Laju kereta api pagi itu tampak semakin lambat. Sudah lebih dari 10 jam, kereta ini merayap. Tapi, Yogyakarta masih tampak jauh di pelupuk mata. Seharusnya aku sudah tiba di stasiun Tugu, satu jam lalu. Aku menjadi semakin cemas seiring dengan decit kereta yang terus-menerus berhenti. Kutoarjo dan Wates mulai terlewati. Semakin dekat, batinku seperti dikoyak oleh belati yang sangat tajam. Berita yang aku terima semalam membuat aku terjaga di perjalanan. Dan terjaga di dalam kereta seperti ini adalah sebuah penderitaan baru bagiku. Aku ingin menangis sejadi-jadinya. Tapi, air mata ini tidak pernah mau keluar.
Dua jam setelah itu, kereta mulai menepi. Aku segera lompat keluar dari gerbong yang tidak begitu sesak. Adikku sudah berada di depanku. “Mama sudah menunggu kita di rumah, Mas. Mengapa baru datang?” Aku hanya membisu. Aku lihat guratan biru masih terseka di wajahnya. Aku semakin sedih. Pada saat itu juga kami meninggalkan stasiun. Kami harus sesegera mungkin berada di rumah. Mama pasti sudah menunggu...
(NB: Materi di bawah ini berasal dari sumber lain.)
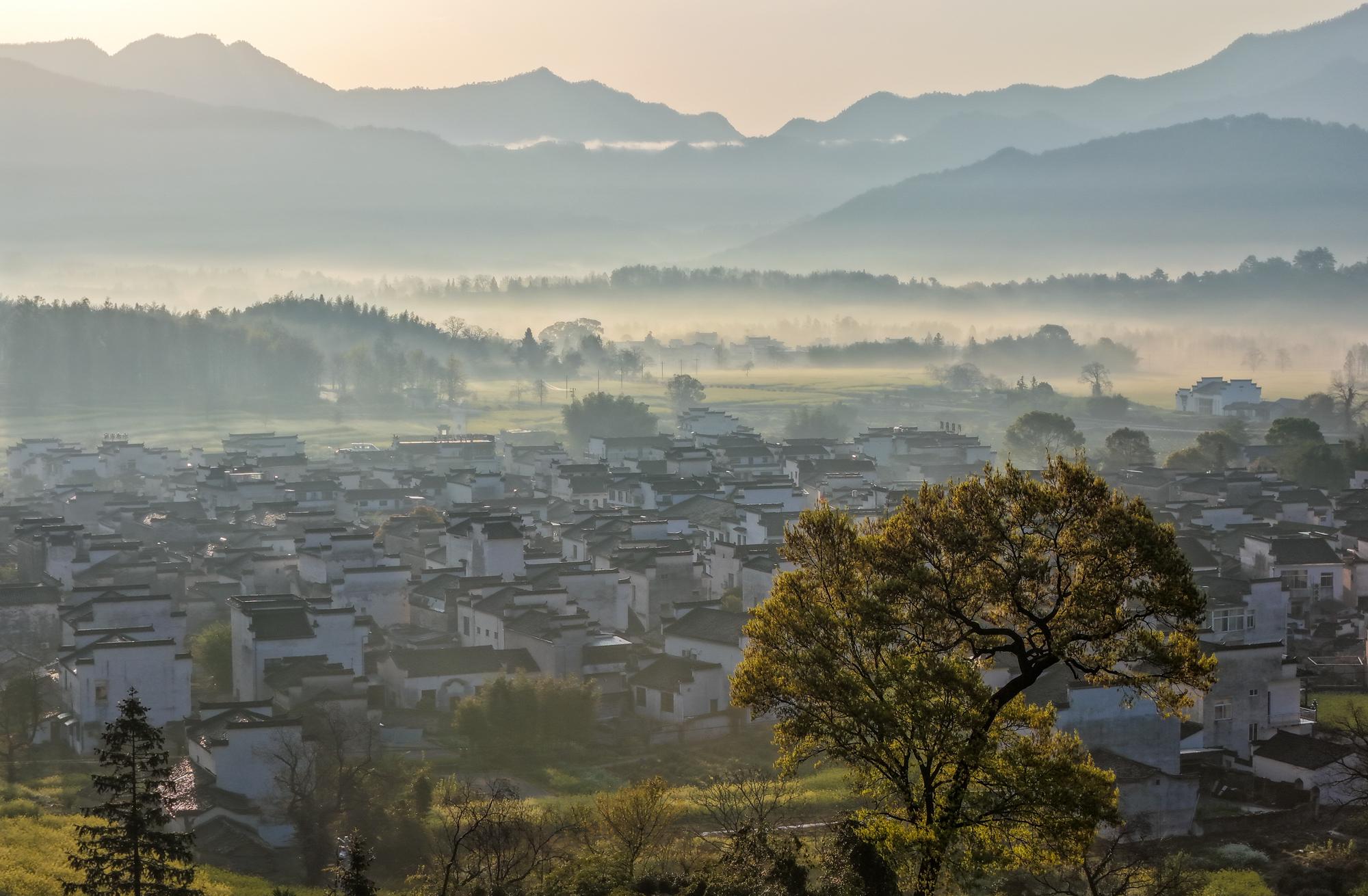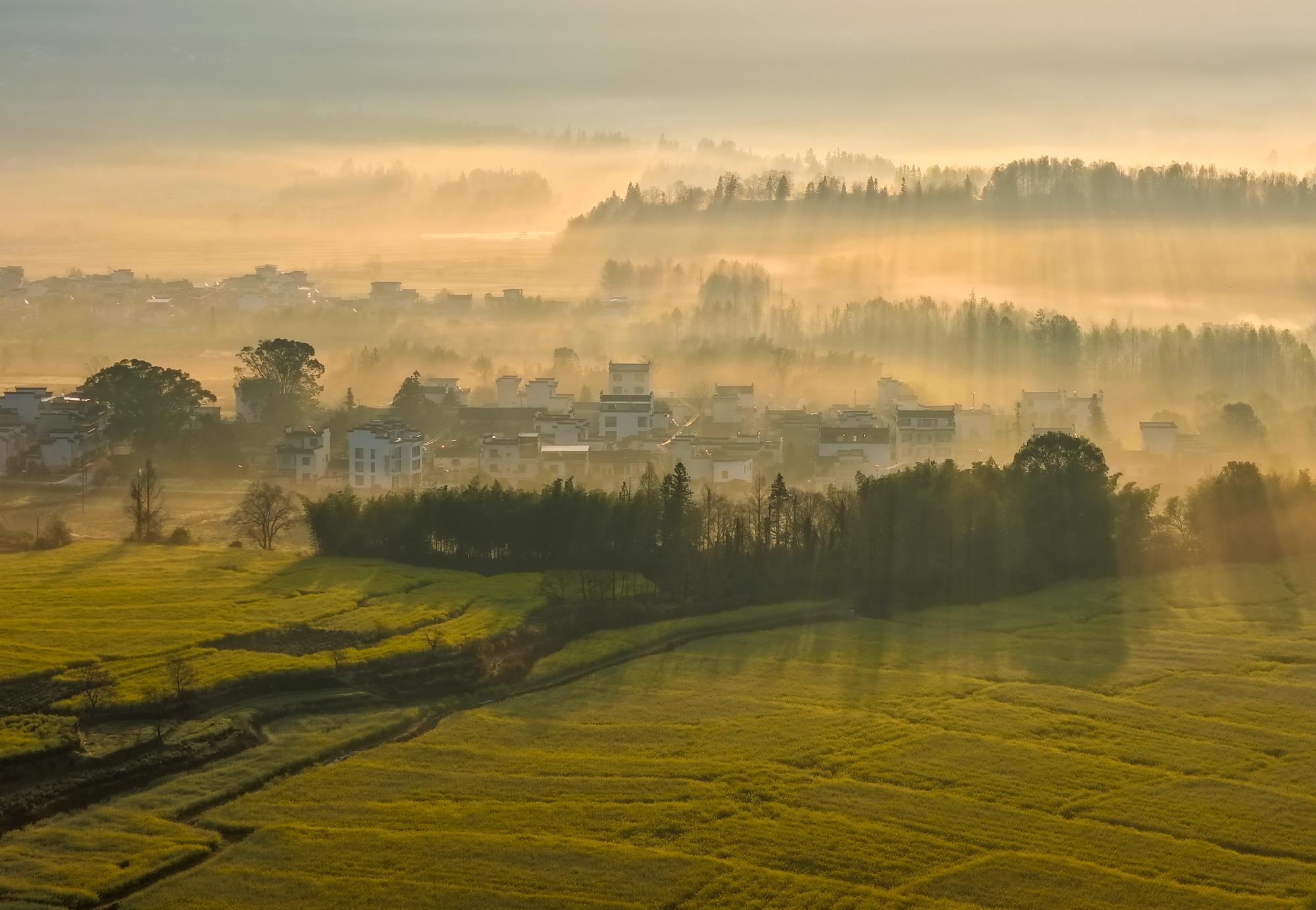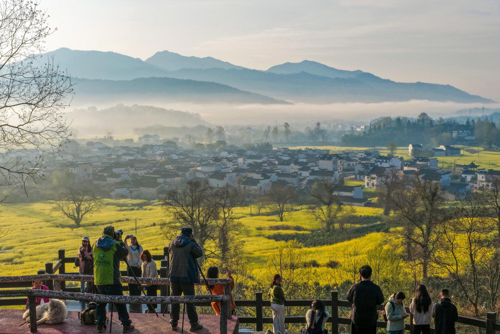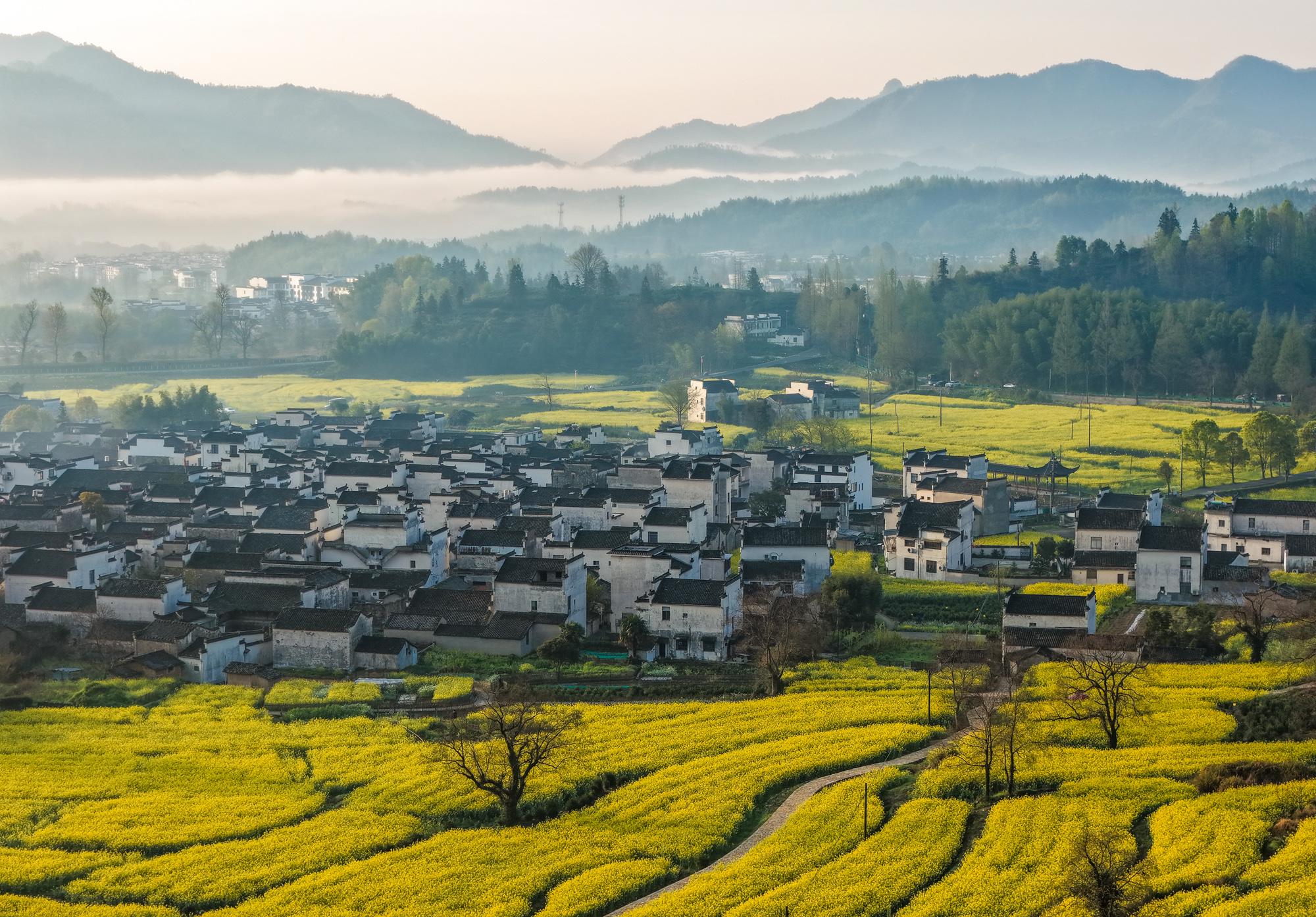 2026年4月2日,春雨初霁的安徽省黄山市黟县卢村晨雾弥漫,金黄的油菜花田与粉墙黛瓦的徽派民居在云雾中若隐若现,宛若一幅流动的水墨画卷。
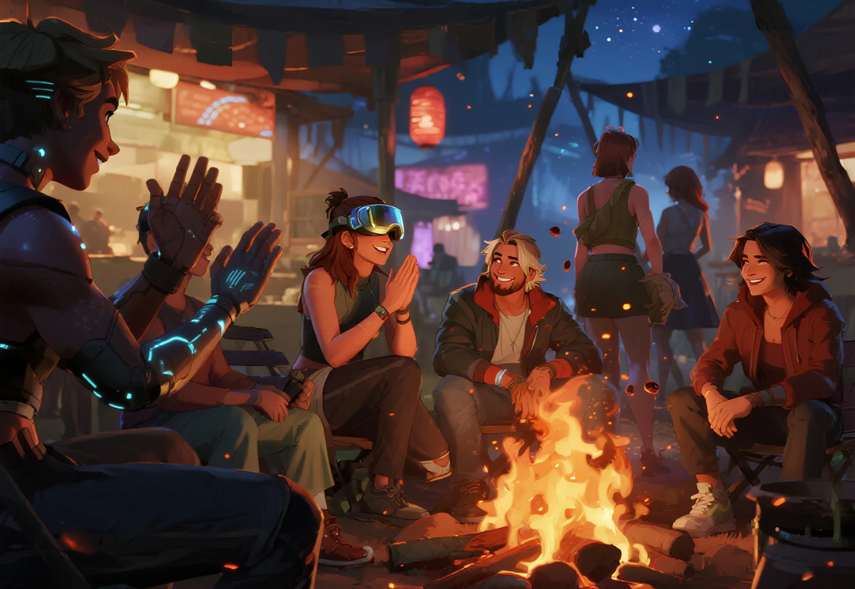 打破“格子间”式社交:告别微信列表里一排排冰冷的头像!数字空间里,你和朋友“身处”同一个三维空间——围坐在虚拟篝火旁聊天,在星空下漫步,或在热闹的虚拟市集并肩“逛街”。距离感被空间共享的亲密感取代;
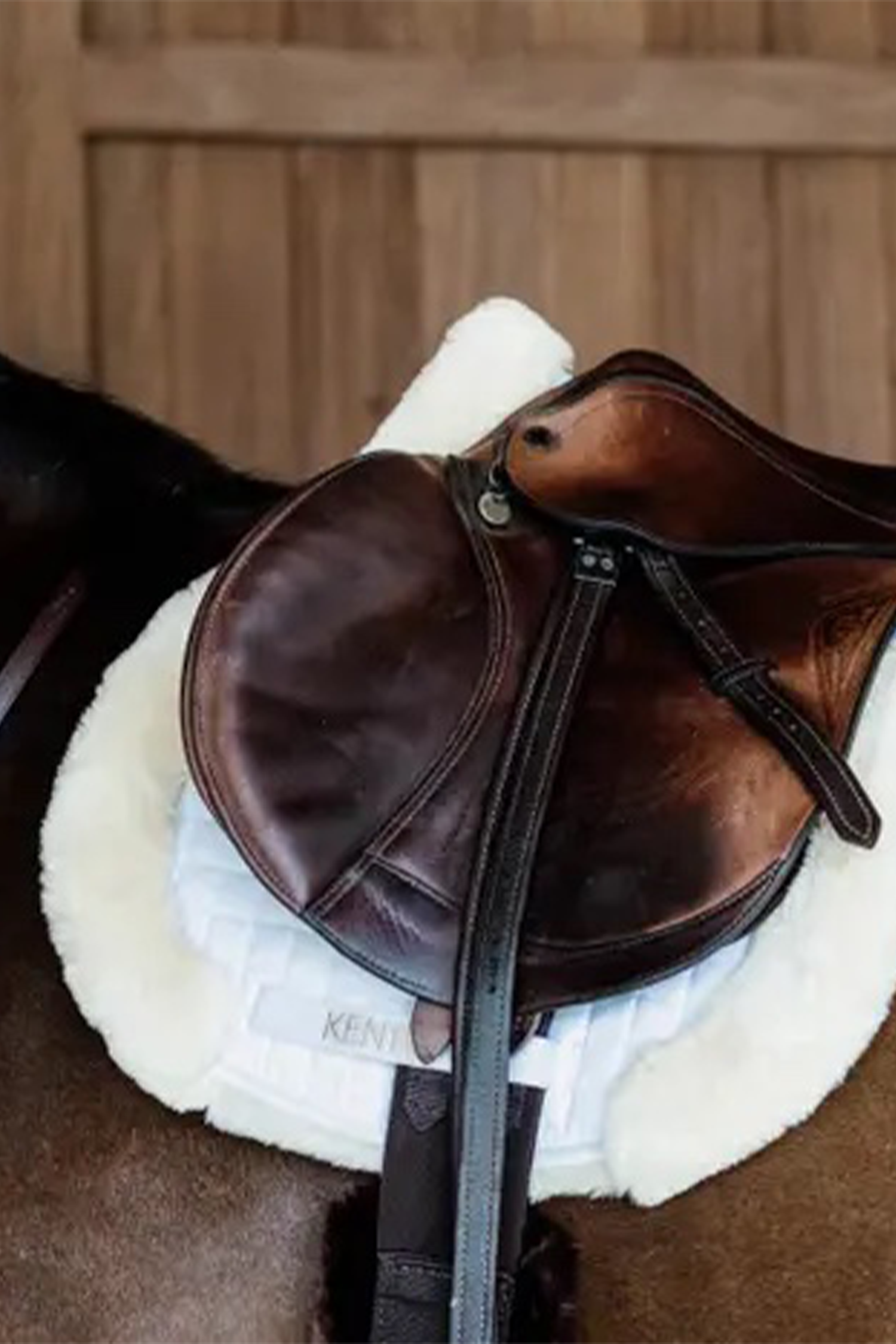Hunter saddle pad in vegan sheepskin reduces pressure points, helps regulate heat, and reduces friction. Provides maximum comfort and an elegant Hunter style.
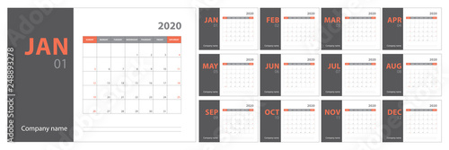 Wall calendar for 2020 year in minimal style with Place for Photo. Week Starts on Sunday. Set of 12 Months.
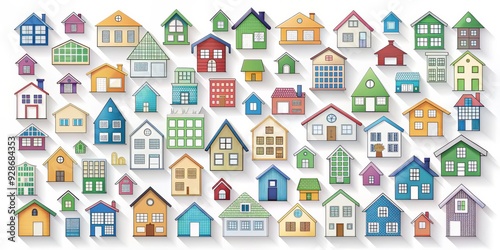 Colorful Hand Drawn Houses with Long Shadows, house , home , real estate , illustration
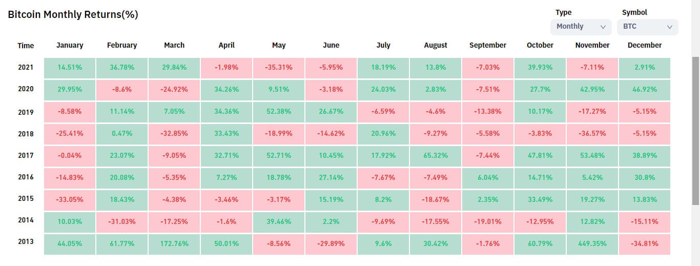 En el cuadro siguiente se muestran los retornos mensuales de bitcoin desde 2013. Contrasta el gran empuje de los tres primeros meses del aรฑo, con las caรญdas sucesivas de abril a junio. El tercer trimestre representa un regreso del crecimiento del precio despuรฉs de la correcciรณn de abril a junio, que llegรณ al 55%.
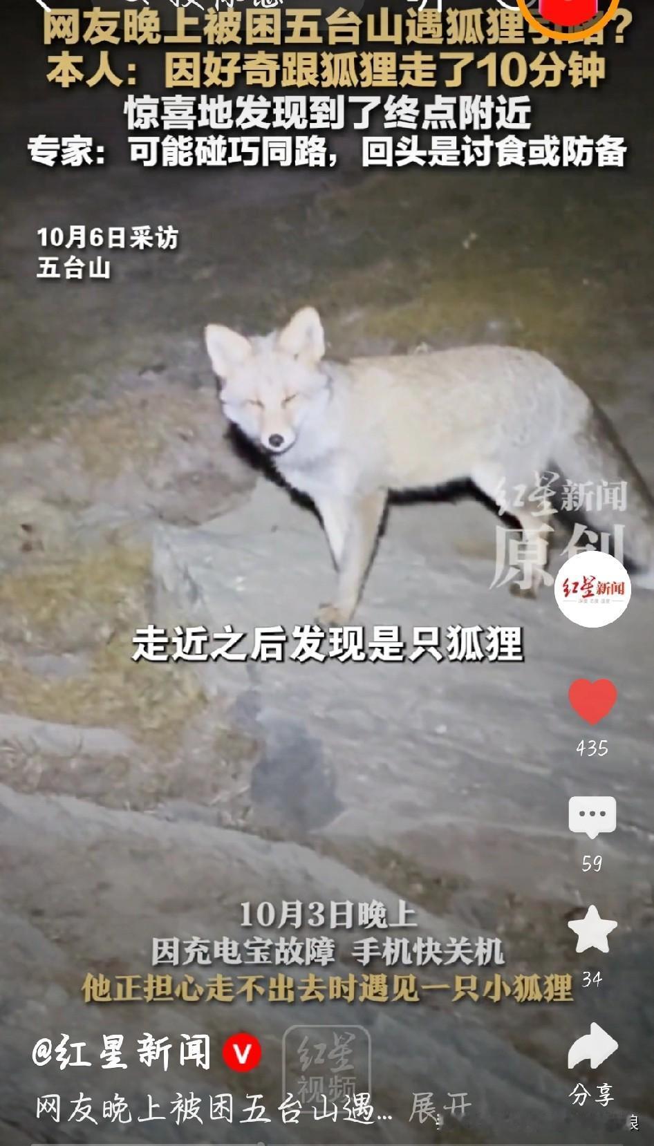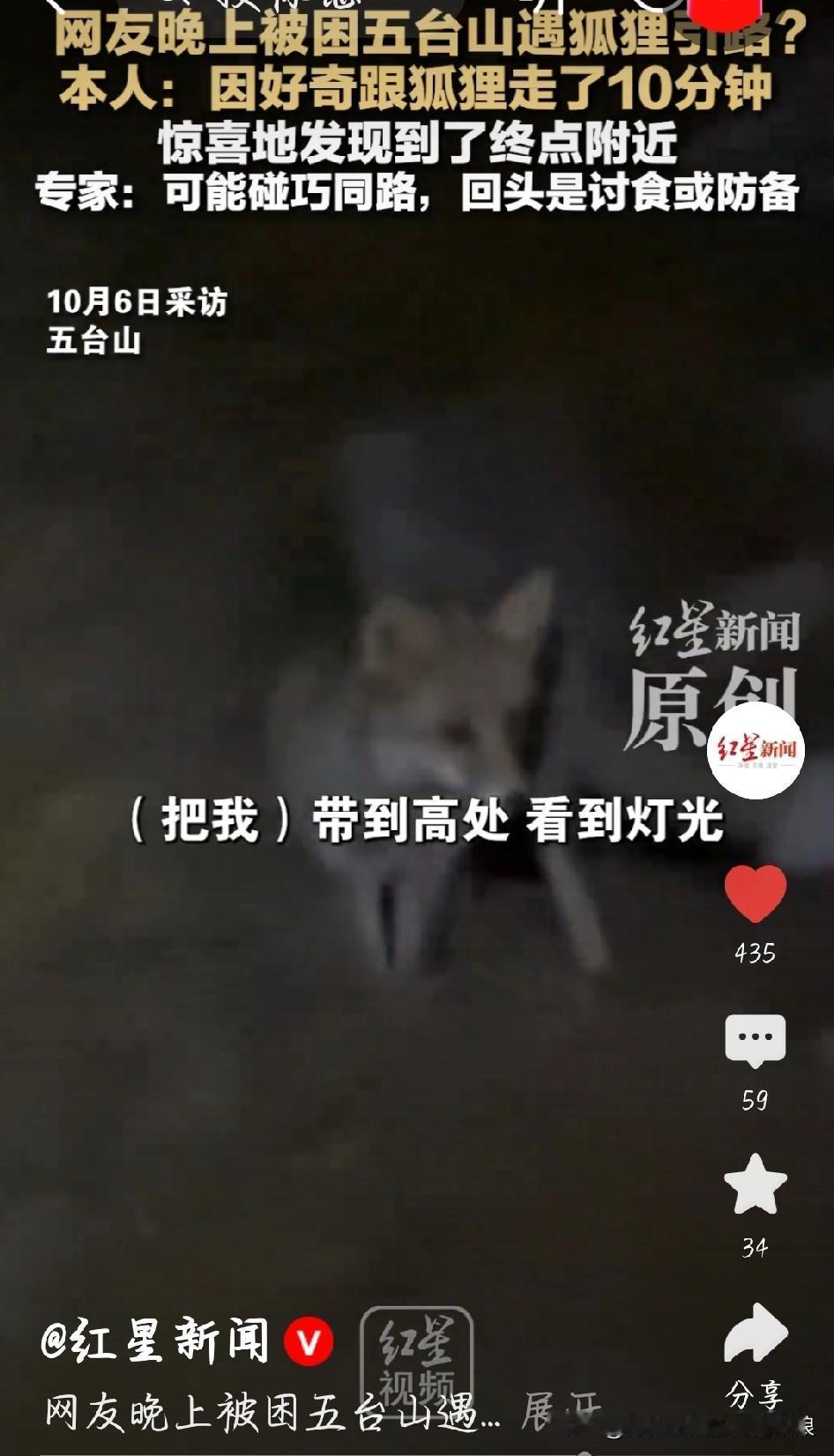 五台山这事儿太神了!陈先生晚上徒步被困,手机快没电,四周乌漆嘛黑,正慌得不行,突然冒出只小狐狸。 他本来还怕,结果狐狸走两步就回头等他,跟着走了10分钟,居然直接到了终点附近,一眼就看见鸿门岩的灯光了。陈先生说当时鸡皮疙瘩都起来了,直呼“它真在给我带路”。 有人说这是五台山狐仙显灵,毕竟这儿早有狐狸通灵性的传说。不过专家解释,可能是狐狸活动路线刚好重合,回头是想讨食或防备。 不管是巧合还是缘分,这波“山中奇遇”也太暖心了!男子被困五台山遇狐狸“引路” 五台山 五台山菩萨道场
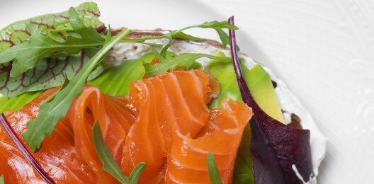 Брускетта с лососем, авокадо и сливочным кремом
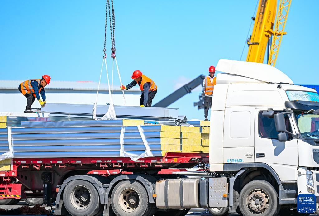 6月11日,工人在二连浩特口岸旁的进出口物流园区中装载准备出口的货物。

Sudah satu setengah tahun, aku tinggalkan rumah. Namun, hawa sejuk dan kibasan cemara yang tumbuh di sepanjang jalan masih menyambutku. Kabut Merapi, meskipun sudah mulai menipis, masih teronggok kokoh di sana. Sisa-sisa bencana yang lalu pun masih menyapa. Namun, tetap saja ada yang hilang. Satu setengah tahun yang lalu, beratus-ratus kilometer aku dan istriku lewati untuk menyambut hari pernikahanku. Kami semua bergembira. Seolah-olah kenangan manis itu menjadi sesuatu yang abadi.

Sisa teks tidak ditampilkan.